Old tech
I first became interested in go when it was in beta, lured in by the promise of simplicity, I was working in C# .net and found lots of things confusing in the .net ecosystem and myriad of ways of achieving the same thing.
I bought the book and dipped in sporadically to be fair, building the odd web api and cli tools. This was ten years ago.
I recently dived back in to see if I could replicate something I built in JavaScript and refreshed my knowledge of the language. Shockingly it has barely changed and simplicity remains, it’s easy to install dependencies and run some code locally, there’s not been any fundamental changes to how things work or how you use the language, not that it’s much of a surprise given this was one of the founding tenets of the language.
As someone who started in the C# .net world and having not used it in anger during the huge changes they have went through moving to dotnet core and lots of updates to the language, it would be a little daunting diving back into using it full time.
The same reasons have drawn me to htmx, it’s built on fundamentals of the web that haven’t changed in forever, compared against how often other js frameworks are changing.
It’s refreshing to dive into go and everything is the same.
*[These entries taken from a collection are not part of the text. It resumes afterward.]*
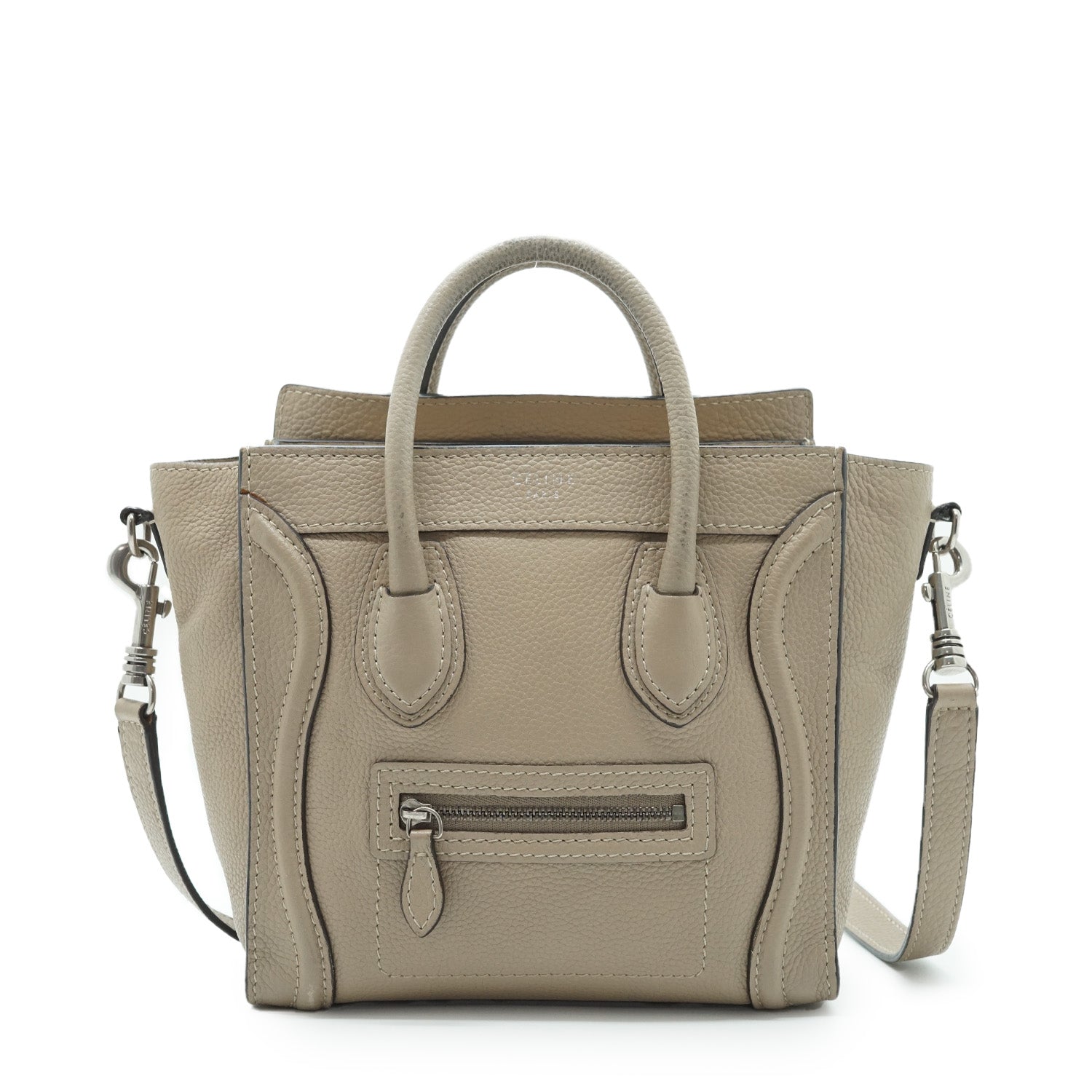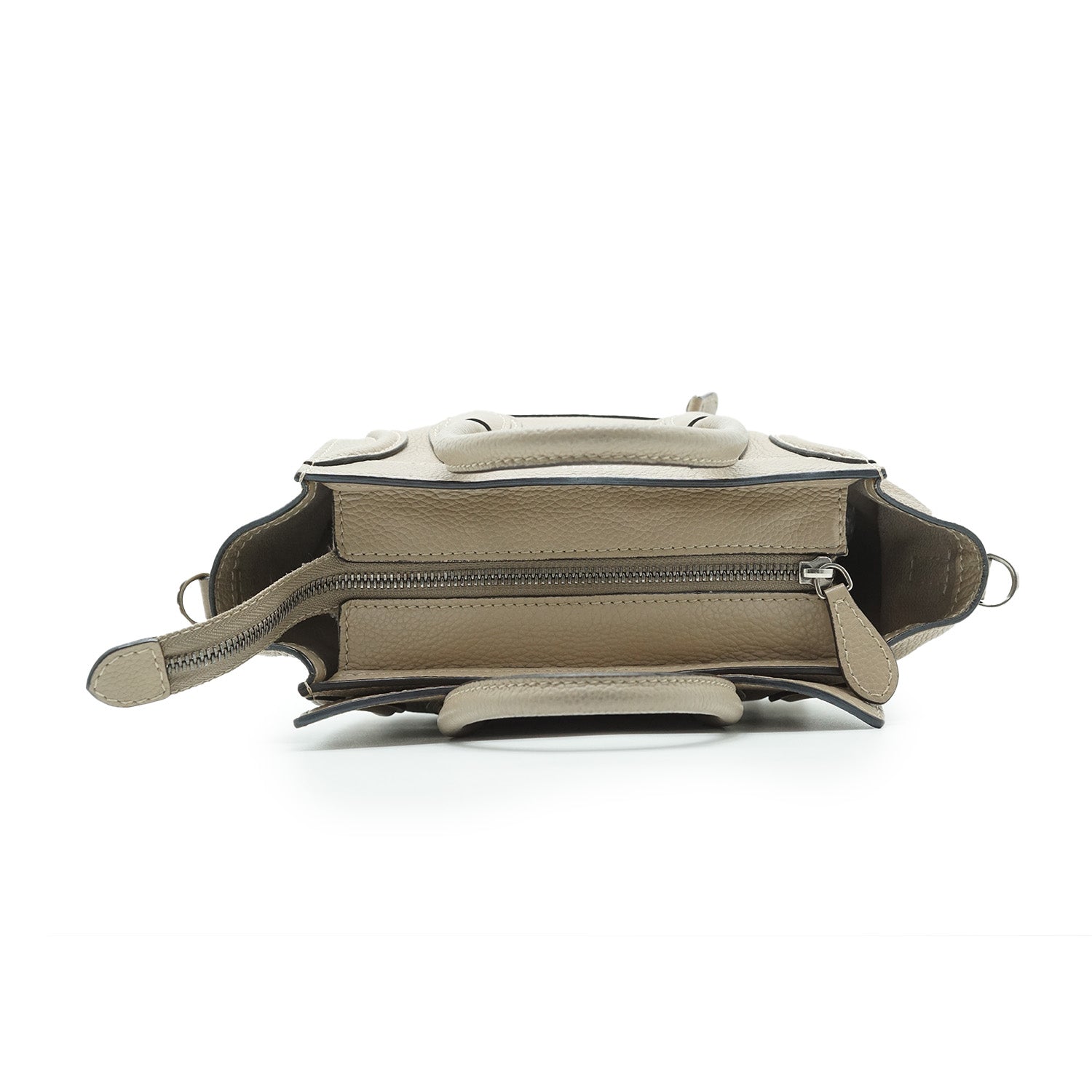 Nano Luggage Calfskin 2Way Handbag Beige Leather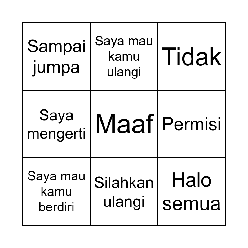 This bingo card has 13 words: Silahkan duduk, Silahkan ke sini, Saya mau kamu berdiri, Saya mau kamu ulangi, Saya mengerti, Maaf, Halo semua, Silahkan dengar, Silahkan ulangi, Sampai jumpa, Permisi, Tidak and Ya.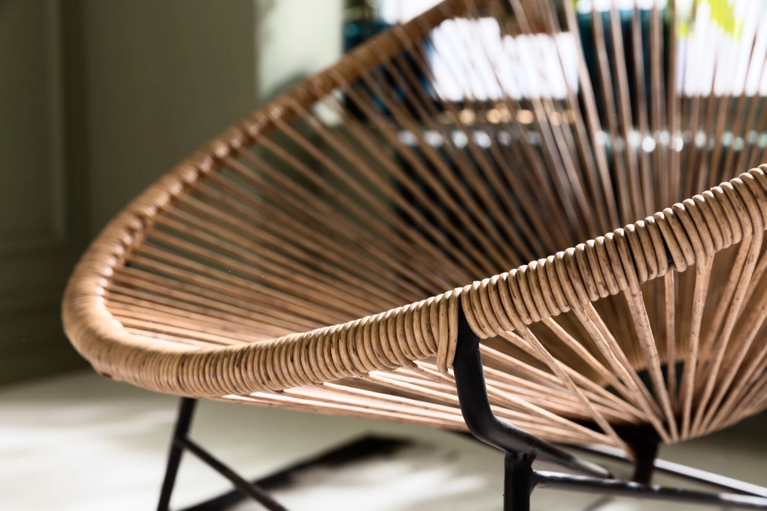 - Outdoor-geeigneter Designersessel in Natur mit schwarzem Gestell, fĂĽr Terrasse, Garten und Balkon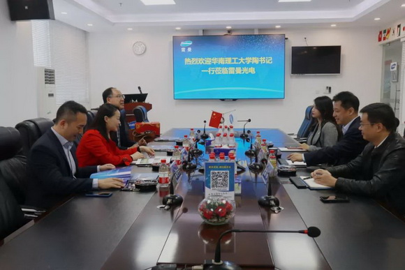 2019年12月25日,華南理工大學(xué)黨委副書記、學(xué)校校友會常務(wù)副會長陶韶菁女士率華南理工大學(xué)校友工作處領(lǐng)導(dǎo)一行走訪考察雷曼光電。雷曼光電董事長兼總裁李漫鐵本科畢業(yè)于華南理工大學(xué)無線電技術(shù)專業(yè),是華南理工大杰出校友代表之一。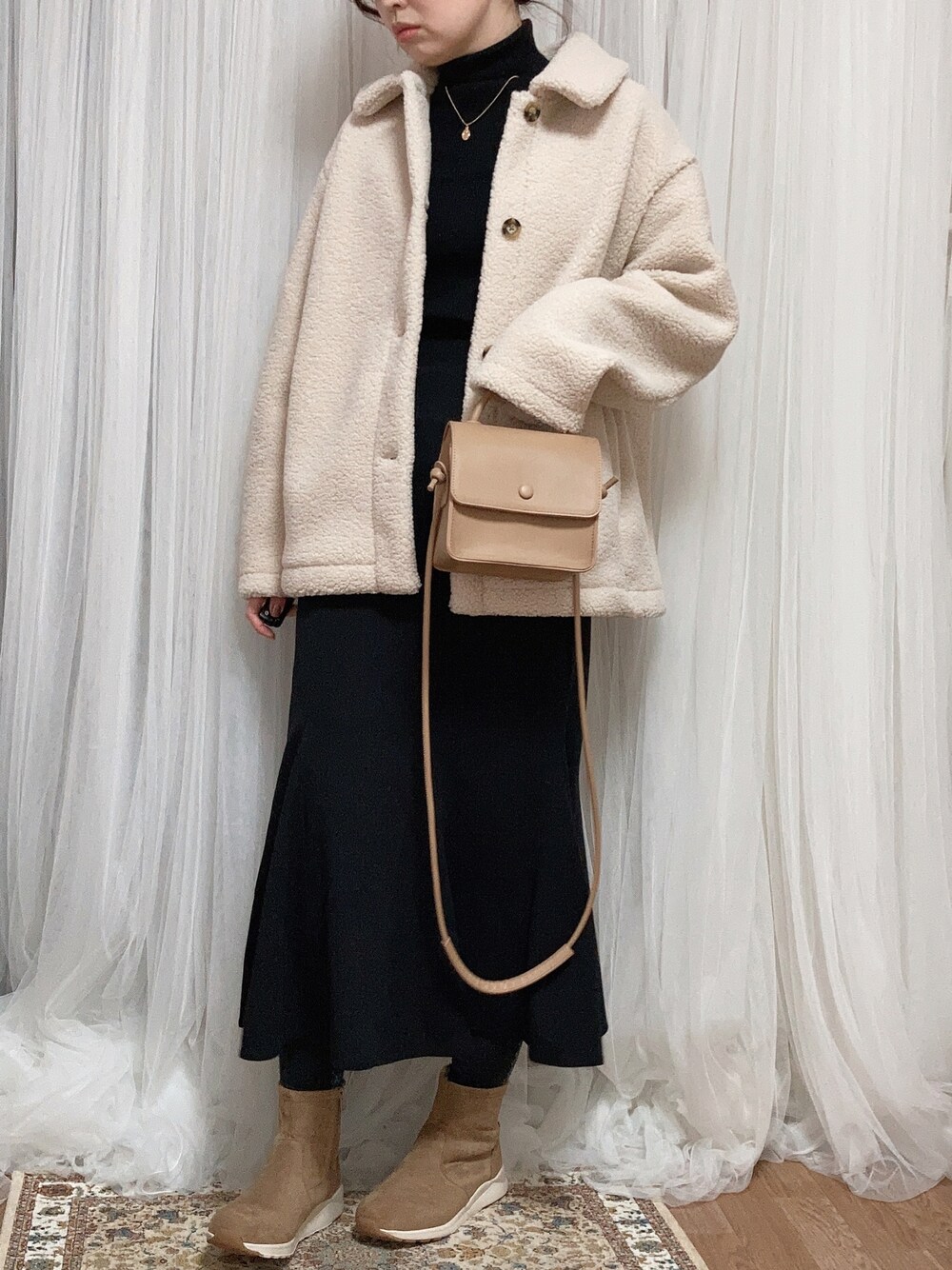 コートの下はブラックで統一してしっとりと大人っぽく。 白のボアコートてふんわりとした女性らしさを☺️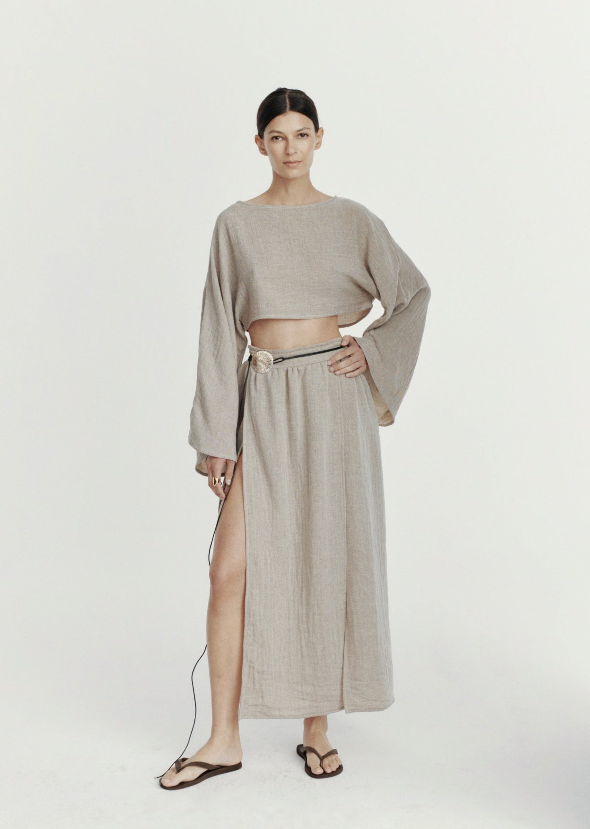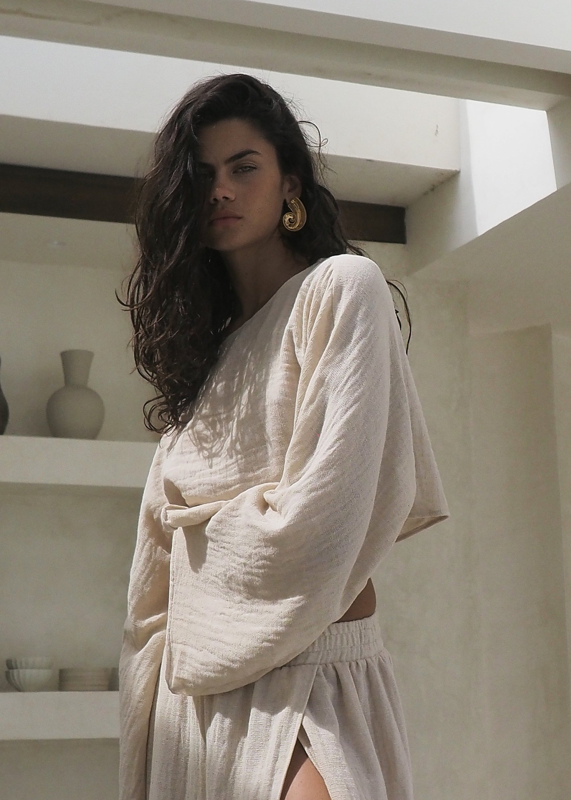 Muślinowa bluzka z długim rękawem z pewnością emanuje urokiem i subtelnością. Wykonana z delikatnego, przewiewnego materiału zapewnia komfort noszenia nawet w cieplejsze dni. Ta bluzka doskonale łączy w sobie elegancję i romantyzm. Wraz ze spodnią Sara stworzy look kompletny.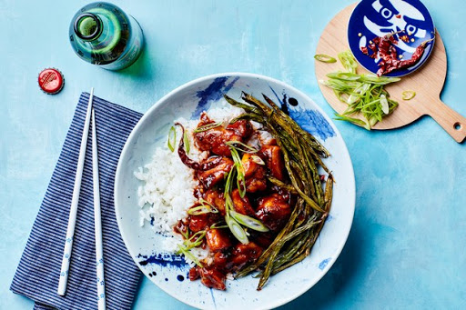 Divide chicken and green beans among plates. Top with scallions. Serve with rice alongside.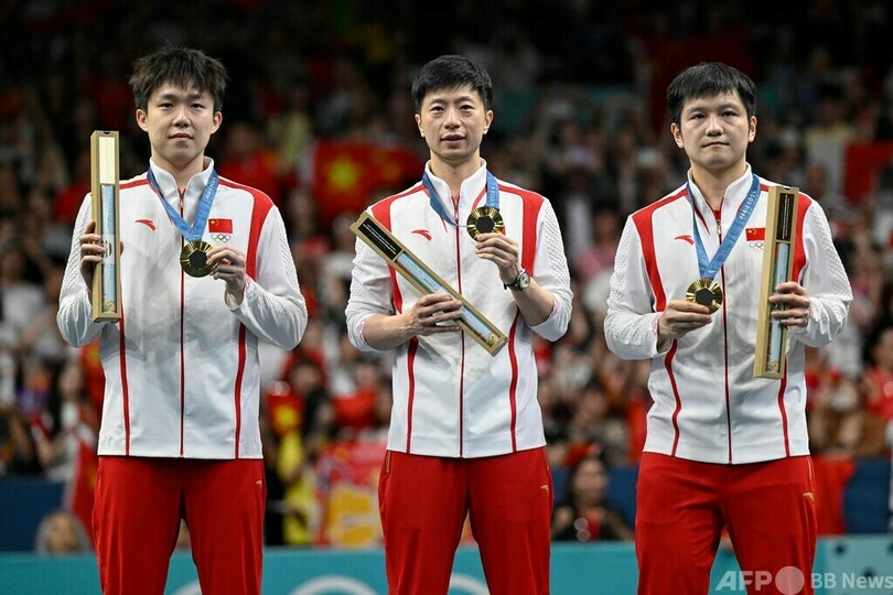 卓球大国の中国は、これで男女シングルスと混合ダブルスに加えて男子団体も制し、全種目制覇に王手をかけた。10日に行われる最終種目の女子団体決勝では、日本と対戦する。男子団体の3位決定戦はフランスが3-2で日本を破り、銅メダルを獲得した。(c)AFP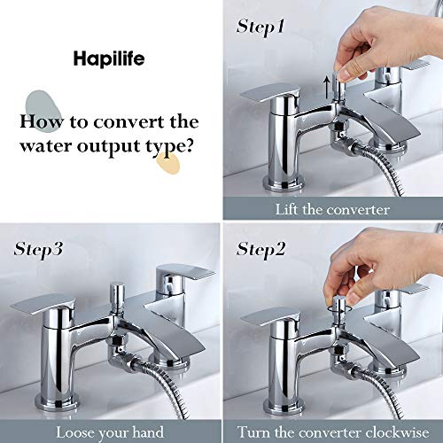Product Description 1/4 TURN BRASS CARTRIDGE The cartridge is made of adavanced brass and other good materials which makes you open or stop water flow conveniently. The mono bath filler faucet with dual lever can endure more than 300,000 million switch tests. SmoothAvoid Leaking WALL-MOUNT AND HANDHELD SHOWER While enjoying your cozy bath time, you can also take a shower comfortably. Besides, it is convenient to take a shower for your pets. The adequate and soft water will not harm the delicate skin of babies. ConvenientMulti-purpose STUNNING LOOKING The upgrated multilayer polished chrome construction resists fingerprints and water spots which makes the modern bathroom shower tap look modern and timeless. Multi-layer chrome finish is highly reflective for a mirror-like look and keep it lifelong bright. ContemporaryGlossy MORE DETAILS ABOUT THE BATHTUB FILLER TAP WITH HANDHELD SHOWER Material Lead-free Copper Finish/Colour Chrome/Silver Shape Round Mounting Type Deck-mount Spout Style Waterfall & Flat Distance of Centers of 2 Holes 180mm Overall Height 125mm Spout Height 70mm Spout Reach 120mm Water Pressure 1-10bar

Guess the creators of go got a lot right to start with.
Go has a seen somewhat of a resurgence in popularity in the last few years, I wonder if the increasing complexity of the web and cloud architecture has developers looking for simpler tools to do the job.
It got me thinking about what else has barely changed through the years. I learnt relational databases and SQL while in university and spent the best part of a year in my first job writing all sorts of SQL for reporting. It fundamentally hasn’t changed in 15 years, of course the technology has advanced and improved but I know enough to be dangerous and get the job done.
I wonder how much energy has been wasted keeping up with trends that never made the cut.